In [None]:
import pandas as pd
import networkx as nx
import matplotlib.pyplot as plt
import numpy as np

# Input file

In [None]:
df = pd.read_csv("./Input/ProcessedNetworkDataFrame.csv")
df

# Generate network

1. zip(author_pid, coauthor_pid)
2. add edges

In [None]:
author_pid = df["author_pid"].to_list()
coauthor_pid = df["coauthor_pid"].to_list()
collaborations = list(zip(author_pid, coauthor_pid))

In [None]:
G = nx.Graph()
G.add_edges_from(collaborations)

In [None]:
nx.draw(G)

### 1. What are the properties of the collaboration network?
a. Size: number of nodes and edges
<br>
b: Degree analysis
<br>
c. Average shortest path length
<br>
d. Clustering coefficient
<br>
e. Connectedness: GC/WCC/SCC
<br>
f. Centrality: Degree, Eigenvector, Betweenness, Closeness

In [None]:
print(f"Number of nodes: {G.number_of_nodes()}")
print(f"Number of edges: {G.number_of_edges()}")
print(nx.info(G))

In [None]:
degree_sequence = sorted((d for n, d in G.degree()), reverse=True)
dmax = max(degree_sequence)

fig, ax = plt.subplots()
ax.bar(*np.unique(degree_sequence, return_counts=True))
ax.set_title("Degree Histogram")
ax.set_xlabel("Degree")
ax.set_ylabel("Number of nodes")

plt.show()

In [None]:
i = 1
for C in (G.subgraph(c).copy() for c in nx.connected_components(G)):
    print(f"Sub-graph {i}")
    print(f"Average shortest path length: {nx.average_shortest_path_length(C):.2f}")
    print(f"Diameter: {nx.diameter(C)}\n")
    i += 1

In [None]:
print(f"Average clustering coefficient: {nx.average_clustering(G):.2f}")

In [None]:
degree_centrality = nx.degree_centrality(G)
max_degree_centrality = max(degree_centrality)
print(f"PID with the highest degree centrality: {max_degree_centrality}, with score of {degree_centrality[max_degree_centrality]:.5f}\n")
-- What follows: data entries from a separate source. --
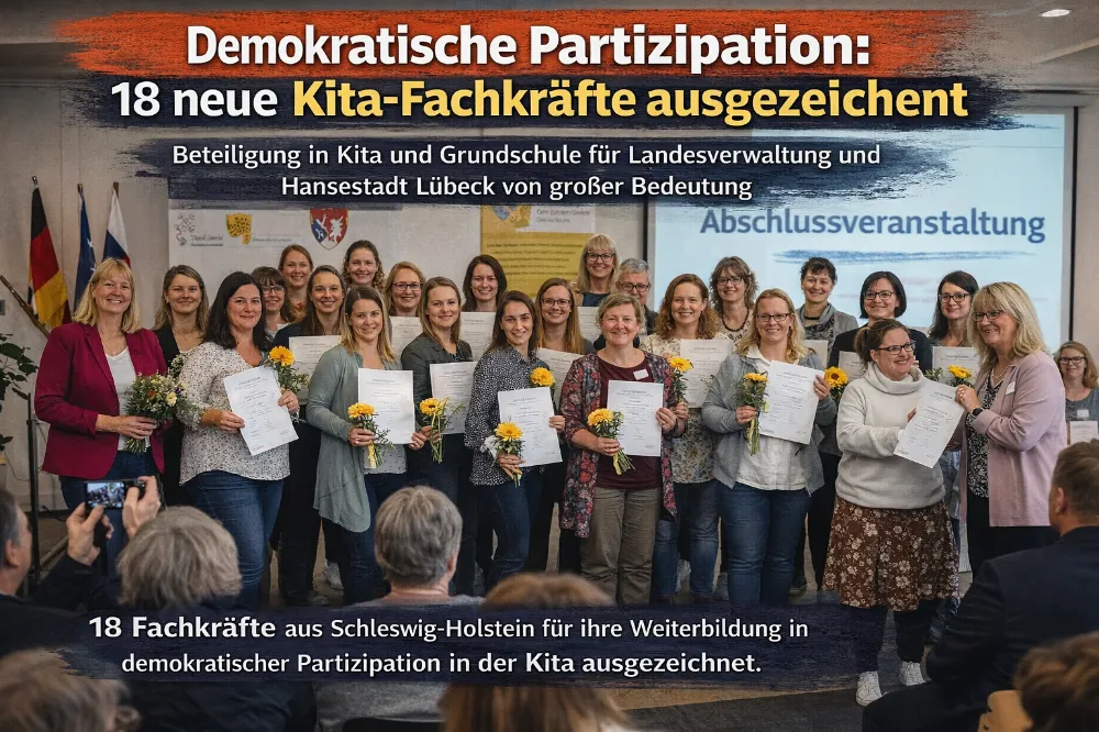 Schleswig-Holstein genelinde çocukların demokratik katılım hakkını güçlendirmeyi amaçlayan eğitim programı kapsamında 18 yeni “Demokratik Katılım Uzmanı” sertifikalarını aldı. Program, Lübeck’te düzenlenen kapanış etkinliğiyle tamamlandı.
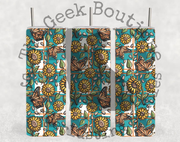 Picnic Sunflowers Monarch Butterfly Summer Floral Tumbler
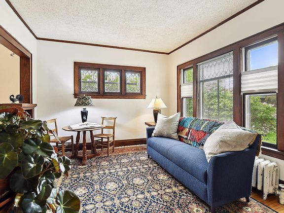 Welcome to this charming 2-story home. The freshly painted exterior invites you inside where you'll find tons of character, with beautiful original natural woodwork, leaded glass windows, and hardwood floors throughout! The large formal dining room has lovely built-in buffet and a full wall of south facing windows! The kitchen was completely redone and features fine Craftsman style cabinets, Silestone countertops & stainless steel appliances. Completing the main level is a den, perfect for home office space. Relax in the screened front porch. Outside, will find an extra deep yard, with established perennials and bordered on the south by a hedge of glorious lilac bushes.
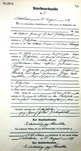 | aktuell | 17:15, 18. Apr. 2012 | 1.346 × 2.490 (241 KB) | KlausErdmann (Diskussion • Beiträge) | {{Information |Beschreibung = Standesamt Nettesheim, ;Sterbeurkunde Nr. 25 von 1909 |Quelle = Gemeindearchiv Rommerskirchen |Urheber = |Datum = 1909 |Scans = Klaus Erdmann ''(Repro: 12. April 2 |
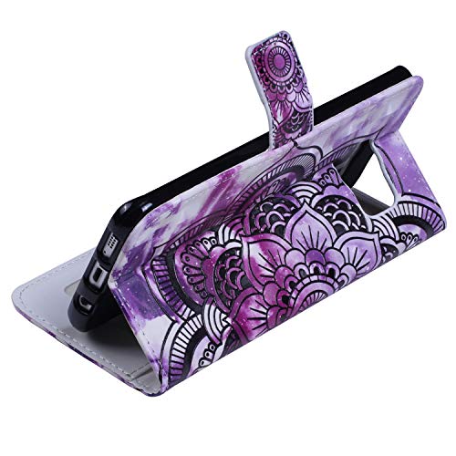 QPOLLY Cover Compatibile con Samsung Galaxy S7 Edge Flip Portafoglio Custodia Libro Folio Pelle PU Morbida Cover con 3D Design Modello Chiusura Magnetica Slot per Schede Funzione Supporto Caso,Mandala
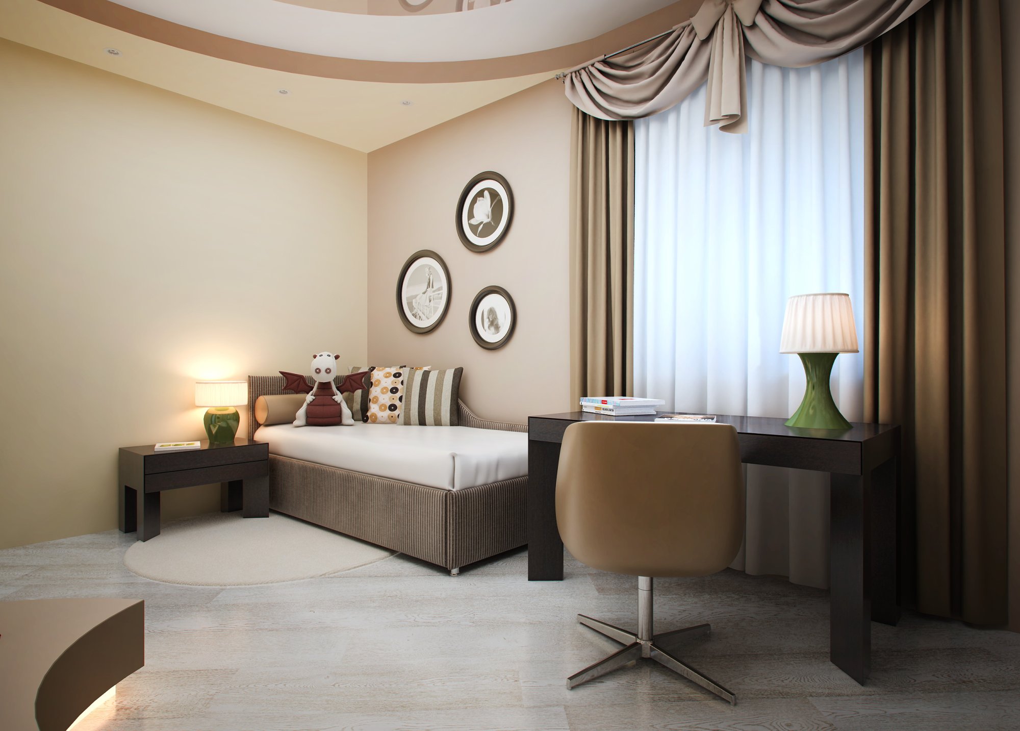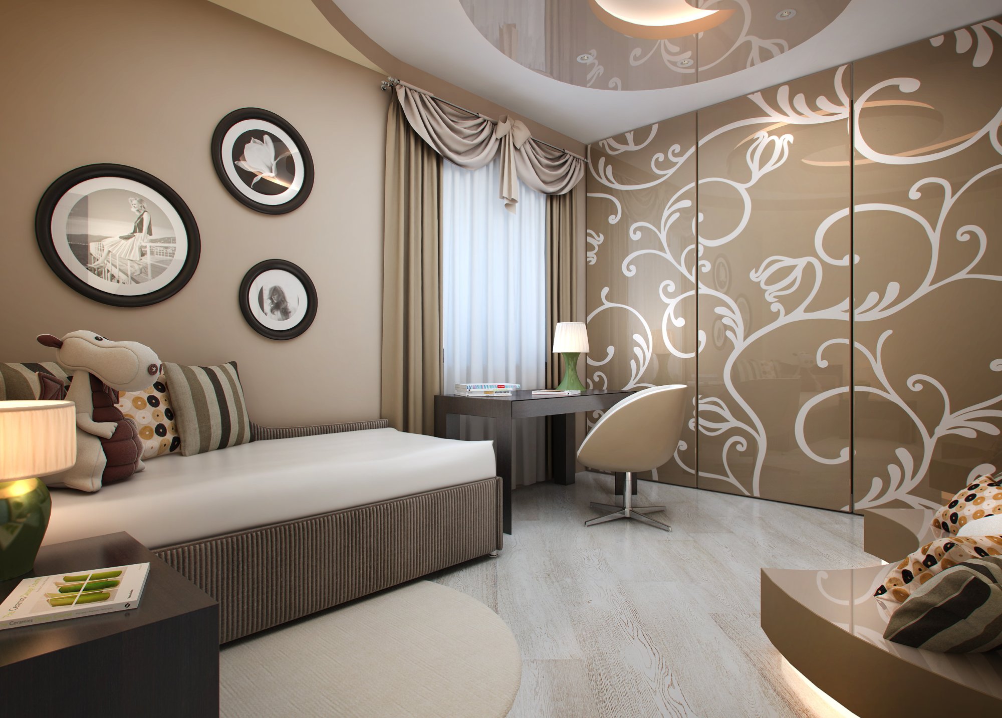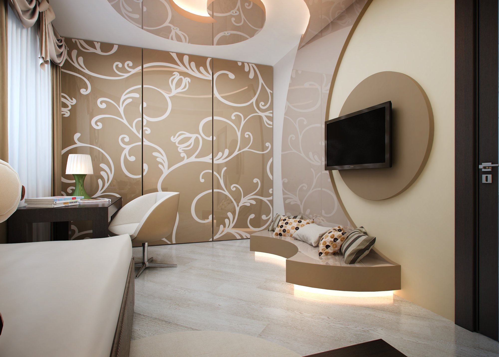 В оформлении детской комнаты идею объемных элементов на потолке и стене подсказал орнамент платяного шкафа. Под зоной ТВ расположилась фигурная подставка – место для отдыха.
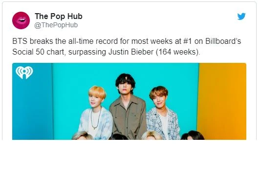 Pop Hub đã đăng lên tài khoản Twitter của họ rằng: "BTS đã phá vỡ kỷ lục mọi thời đại trong hầu hết các tuần ở vị trí hàng đầu trên bảng xếp hạng Social 50 của Billboard, vượt qua ca sĩ Justin Bieber (164 tuần).

eigen_centrality = nx.eigenvector_centrality(G)
max_eigen_centrality = max(eigen_centrality)
print(f"PID with the highest eigenvector centrality: {max_eigen_centrality}, with score of {eigen_centrality[max_eigen_centrality]:.5f}\n")
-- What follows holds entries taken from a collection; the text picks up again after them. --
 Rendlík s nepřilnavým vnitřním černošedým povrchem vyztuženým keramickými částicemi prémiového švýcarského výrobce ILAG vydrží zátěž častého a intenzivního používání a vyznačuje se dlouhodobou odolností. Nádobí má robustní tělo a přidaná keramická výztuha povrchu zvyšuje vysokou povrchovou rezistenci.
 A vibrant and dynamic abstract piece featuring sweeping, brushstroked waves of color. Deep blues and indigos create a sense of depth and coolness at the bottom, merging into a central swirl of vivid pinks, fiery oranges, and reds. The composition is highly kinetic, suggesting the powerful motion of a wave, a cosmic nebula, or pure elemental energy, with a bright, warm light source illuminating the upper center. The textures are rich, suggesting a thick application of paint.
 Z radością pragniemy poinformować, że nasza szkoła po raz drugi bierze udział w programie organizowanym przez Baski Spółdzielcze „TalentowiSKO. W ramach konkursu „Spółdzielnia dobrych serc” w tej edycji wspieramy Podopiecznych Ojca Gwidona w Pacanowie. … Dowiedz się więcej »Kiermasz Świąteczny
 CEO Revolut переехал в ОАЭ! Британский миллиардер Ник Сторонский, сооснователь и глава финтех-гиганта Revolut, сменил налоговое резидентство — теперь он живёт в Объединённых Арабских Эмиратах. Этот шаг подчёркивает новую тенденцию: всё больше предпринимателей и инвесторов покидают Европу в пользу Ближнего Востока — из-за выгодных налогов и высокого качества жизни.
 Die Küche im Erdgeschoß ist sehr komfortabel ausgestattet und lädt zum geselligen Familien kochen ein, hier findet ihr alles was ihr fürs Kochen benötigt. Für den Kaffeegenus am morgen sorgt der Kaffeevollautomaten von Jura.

betweenness_centrality = nx.betweenness_centrality(G)
max_betweenness_centrality = max(betweenness_centrality)
print(f"PID with the highest betweenness centrality: {max_betweenness_centrality}, with score of {betweenness_centrality[max_betweenness_centrality]:.5f}\n")

closeness_centrality = nx.closeness_centrality(G)
max_closeness_centrality = max(closeness_centrality)
print(f"PID with the highest closeness centrality: {max_closeness_centrality}, with score of {closeness_centrality[max_closeness_centrality]:.5f}\n")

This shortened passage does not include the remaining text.